Next morning, accordingly, Hugh did begin him, after a fashion of his own; namely, by giving him a short simple story to read, finding out all the words with him in the dictionary, and telling him what the terminations of the words signified; for he found that he had already forgotten a very great deal of what, according to Euphra, he had been thoroughly taught. No one can remember what is entirely uninteresting to him.

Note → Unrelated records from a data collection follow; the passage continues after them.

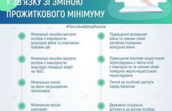 Крім того, збільшено мінімальні пенсійні виплати, зокрема, шахтарям, особам з інвалідністю внаслідок війни та учасникам бойових дій, особам з інвалідністю внаслідок ліквідації аварії на ЧАЕС, а також надбавки, доплати, підвищення деяким категоріям громадян.
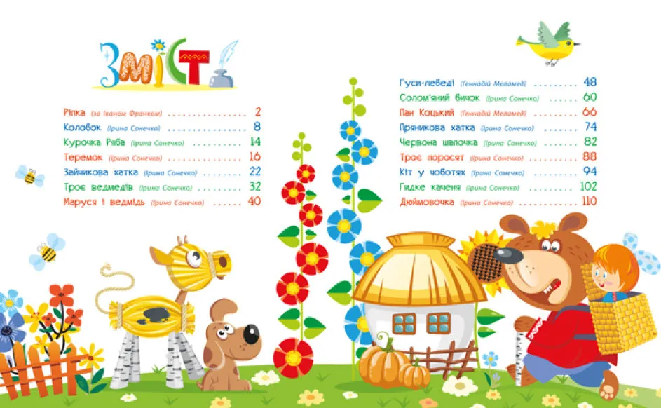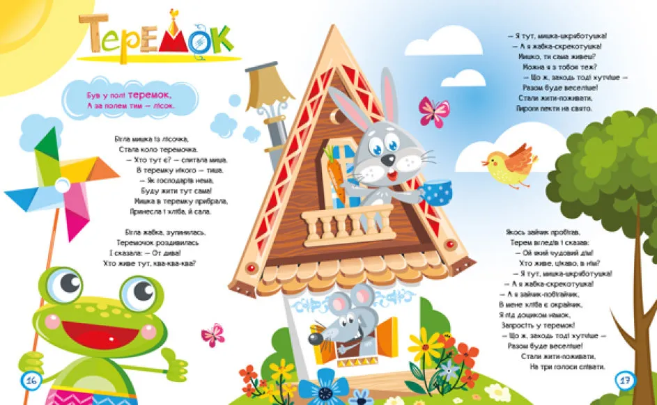 У яскраво ілюстрованій книжці — 16 найулюбленіших казок малечі, написаних у легкій поетичній формі. З цією книжкою ви проведете багато приємних хвилин, адже навіть знайомі твори у віршованих рядках стають незвичними, їх весело читати й легко вивчити напам’ять. Для кожного малюка тут знайдеться чудова історія на його вік і смак. Починається книжка з казок для найменших, а продовжується — для більш дорослих дошколяриків. Книжка вигадливо проілюстрована талановитим українським художником Віктором Корягіним.
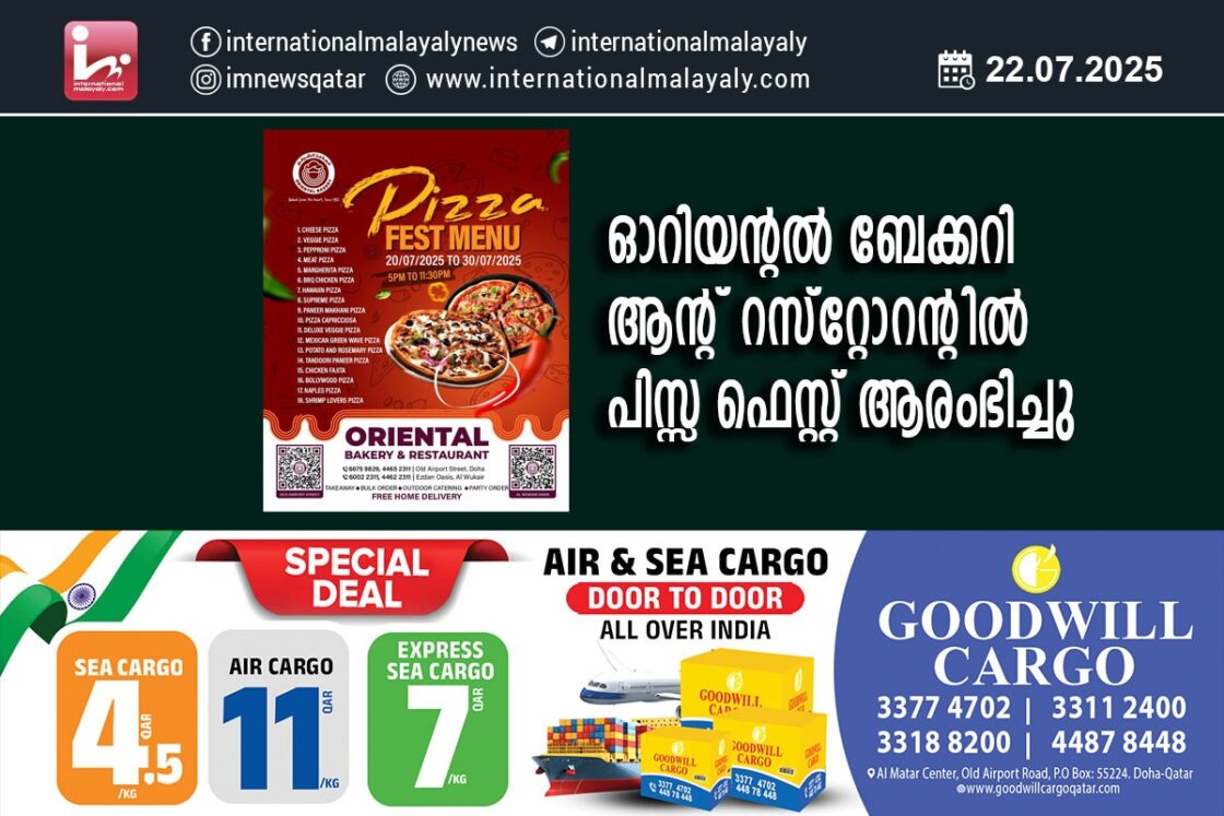 ദോഹ. ഖത്തറില് ഗുണ നിലവാരമുള്ള ഭക്ഷ്യ വിഭവങ്ങള്ക്ക് പേരുകേട്ട ഓറിയന്റല് ബേക്കറി ആന്റ് റസ്റ്റോറന്റില് പിസ്സ ഫെസ്റ്റ് ആരംഭിച്ചു. ജൂലൈ 30 വരെ വൈകുന്നേരം 5 മണി മുതല് രാത്രി 11.30 വരെയാണ് ഫെസ്റ്റ് .
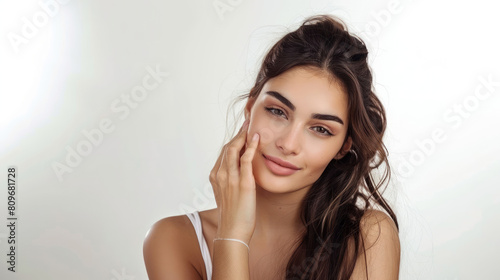 Obraz premium Female model with a refreshing joyful expression, showcasing captivating...
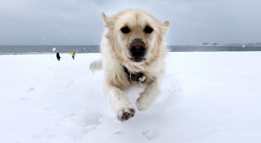 Read moreCrystal, a golden retriever, dashes through the snow as she gets away from Danielle Reid, a girl walking dogs with her mom, at Revere Beach in Massachusetts on January 26. #

Hugh was as precise about the grammar of a language as any Scotch Professor of Humanity, old Prosody not excepted; but he thought it time enough to begin to that, when some interest in the words themselves should have been awakened in the mind of his pupil. He hated slovenliness as much as any one; but the question was, how best to arrive at thoroughness in the end, without losing the higher objects of study; and not how, at all risks, to commence teaching the lesson of thoroughness at once, and so waste on the shape of a pin-head the intellect which, properly directed, might arrive at the far more minute accuracies of a steam-engine. The fault of Euphra in teaching Harry, had been that, with a certain kind of tyrannical accuracy, she had determined to have the thing done—not merely decently and in order, but prudishly and pedantically; so that she deprived progress of the pleasure which ought naturally to attend it. She spoiled the walk to the distant outlook, by stopping at every step, not merely to pick flowers, but to botanise on the weeds, and to calculate the distance advanced. It is quite true that we ought to learn to do things irrespective of the reward; but plenty of opportunities will be given in the progress of life, and in much higher kinds of action, to exercise our sense of duty in severe loneliness. We have no right to turn intellectual exercises into pure operations of conscience: these ought to involve essential duty; although no doubt there is plenty of room for mingling duty with those; while, on the other hand, the highest act of suffering self-denial is not without its accompanying reward. Neither is there any exercise of the higher intellectual powers in learning the mere grammar of a language, necessary as it is for a means. And language having been made before grammar, a language must be in some measure understood, before its grammar can become intelligible.


Harry's weak (though true and keen) life could not force its way into any channel. His was a nature essentially dependent on sympathy. It could flow into truth through another loving mind: left to itself, it could not find the way, and sank in the dry sand of ennui and self-imposed obligations. Euphra was utterly incapable of understanding him; and the boy had been dying for lack of sympathy, though neither he nor any one about him had suspected the fact.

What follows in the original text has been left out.